Analyses of the Positive Bias of Remotely Sensed SST Retrievals in the Coastal Waters of Rio de Janeiro

This paper analyzes the large positive bias of sea surface temperature (SST) retrievals of selected remotely sensed algorithms recorded during the simultaneous occurrence of upwelling and atmospheric subsidence along the coastal waters of Rio de Janeiro, Brazil. The optimal estimator (OE) for retrieving SST and the multichannel (MCSST) and nonlinear (NLSST) estimators are compared using Advanced Very High Resolution Radiometer-3 data. The in situ SST (SSTbuoy) data set used to validate the remotely sensed SST retrievals was collected from five moored buoys (four in the open sea and one in coastal waters). The principal results of this paper are as follows. First, the sensitivity analyses show that OE is quite susceptible to the first-guess SST rather than to the humidity profiles.

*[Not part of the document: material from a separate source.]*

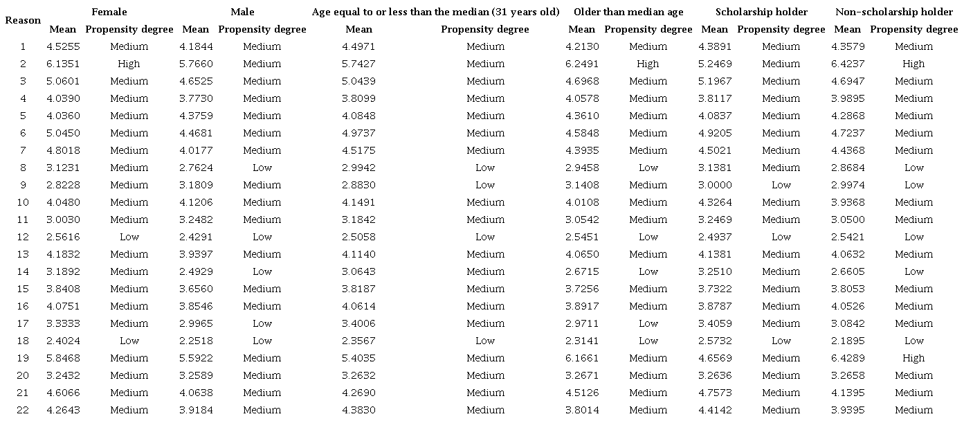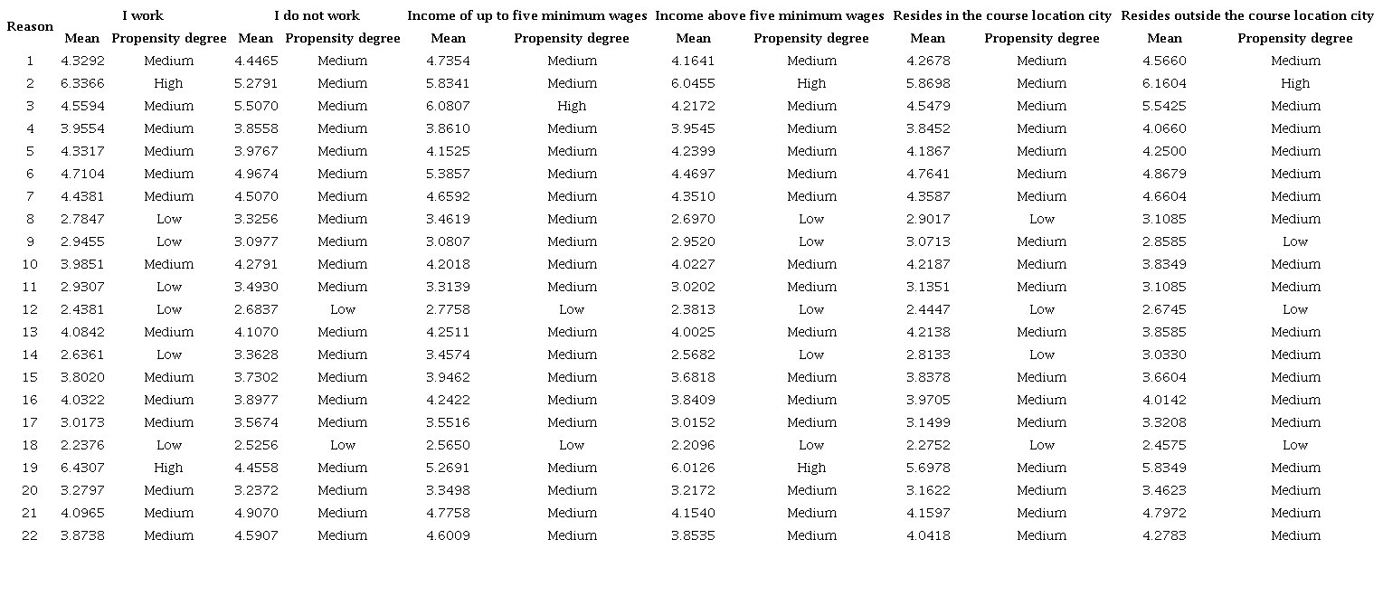 Finally, the last characteristic analyzed was the fact that the student resides in the city where the program is located or outside it. Students who live outside the city where the course is located, indicated the difficulties in following the program due to the time needed for studies (reason 2, mean = 6.1604) as the reason that would most contribute to evasion, representing a high degree of propensity. Students who reside in the city where the program is located did not indicate reasons that would represent a high degree of contribution to the propensity for evasion.

Second, the comparison between the SSTOE and 365 cloud-free SSTbuoy measurements in open sea waters presents an root mean squared error (RMSE), bias, and standard deviation (STD) with the intervals of [0.5, 0.6], [−0.51, 0.13], and [0.27, 0.48], respectively. Third, the MCSST, NLSST, and OE SST produce a positive bias that can reach 5 K during simultaneous upwelling and atmospheric subsidence in coastal waters. Such unexpected errors are due to low SST values and water vapor compression in the lower layer of the atmosphere related to a temperature inversion. Fourth, an alternative approach using SSTbuoy obtained on the previous day as a first guess instead of the climatological SST significantly improves the errors (SSTOE–SSTbuoy) by reducing RMSE, bias, and STD by 58% (from 3.30 to 1.39 K), 73% (from 3.00 to 0.80 K), and 19% (from 1.38 to 1.12 K), respectively.